» Exercise data:
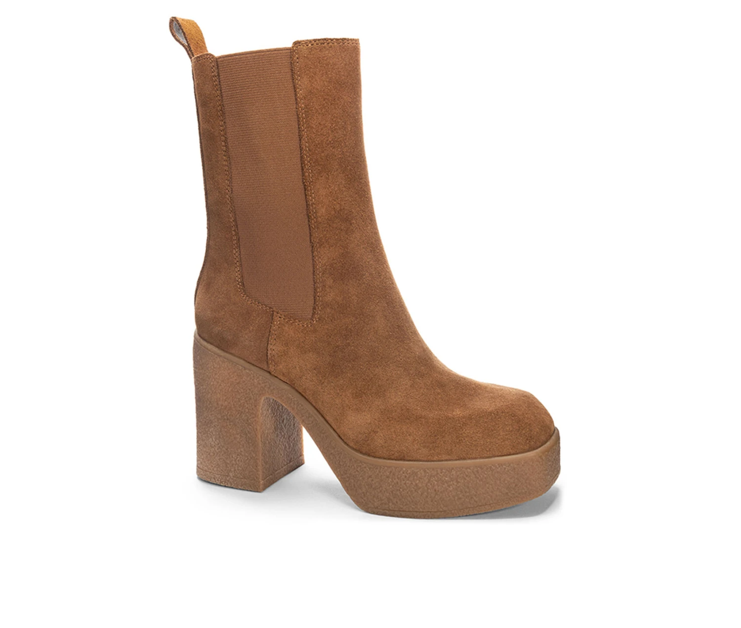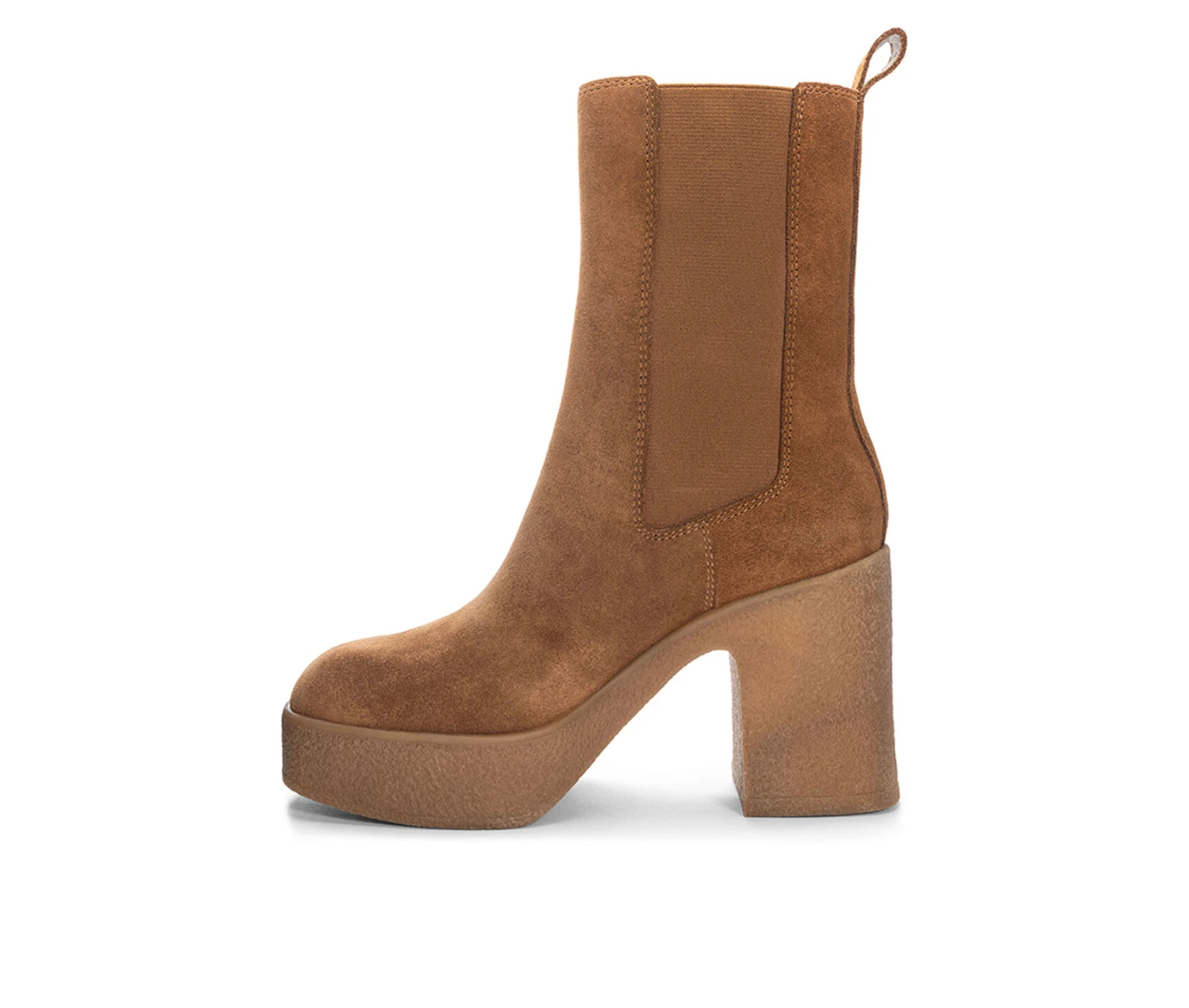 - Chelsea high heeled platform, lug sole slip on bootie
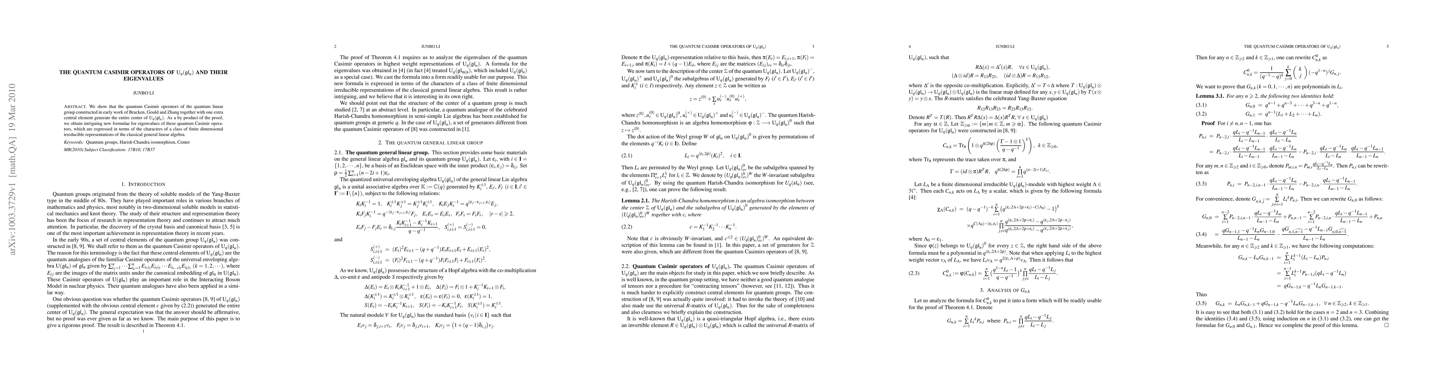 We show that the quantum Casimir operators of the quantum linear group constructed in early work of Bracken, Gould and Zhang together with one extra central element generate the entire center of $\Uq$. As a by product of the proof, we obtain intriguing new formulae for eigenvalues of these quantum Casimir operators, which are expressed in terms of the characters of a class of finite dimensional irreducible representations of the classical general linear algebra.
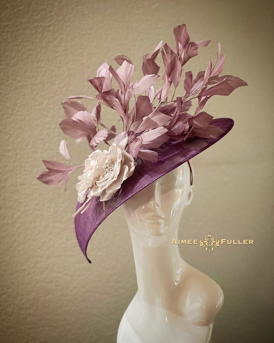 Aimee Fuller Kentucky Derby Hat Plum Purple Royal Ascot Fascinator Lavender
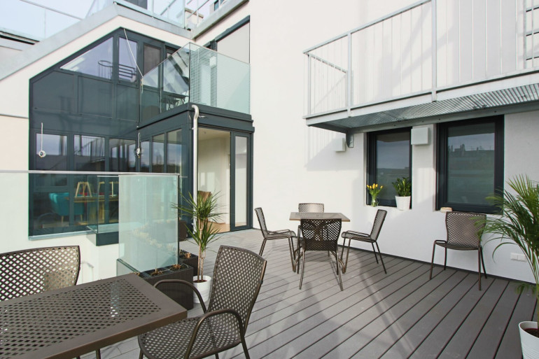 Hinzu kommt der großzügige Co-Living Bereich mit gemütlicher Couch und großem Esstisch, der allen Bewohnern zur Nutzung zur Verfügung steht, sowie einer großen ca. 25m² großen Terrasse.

» Goal of the exercise: From the line with "Aimee Fuller Kentucky" to the last line of the material, both inclusive, set down every line exactly and nothing else; omit pictures.

» Result of the task:
 Aimee Fuller Kentucky Derby Hat Plum Purple Royal Ascot Fascinator Lavender
 Hinzu kommt der großzügige Co-Living Bereich mit gemütlicher Couch und großem Esstisch, der allen Bewohnern zur Nutzung zur Verfügung steht, sowie einer großen ca. 25m² großen Terrasse.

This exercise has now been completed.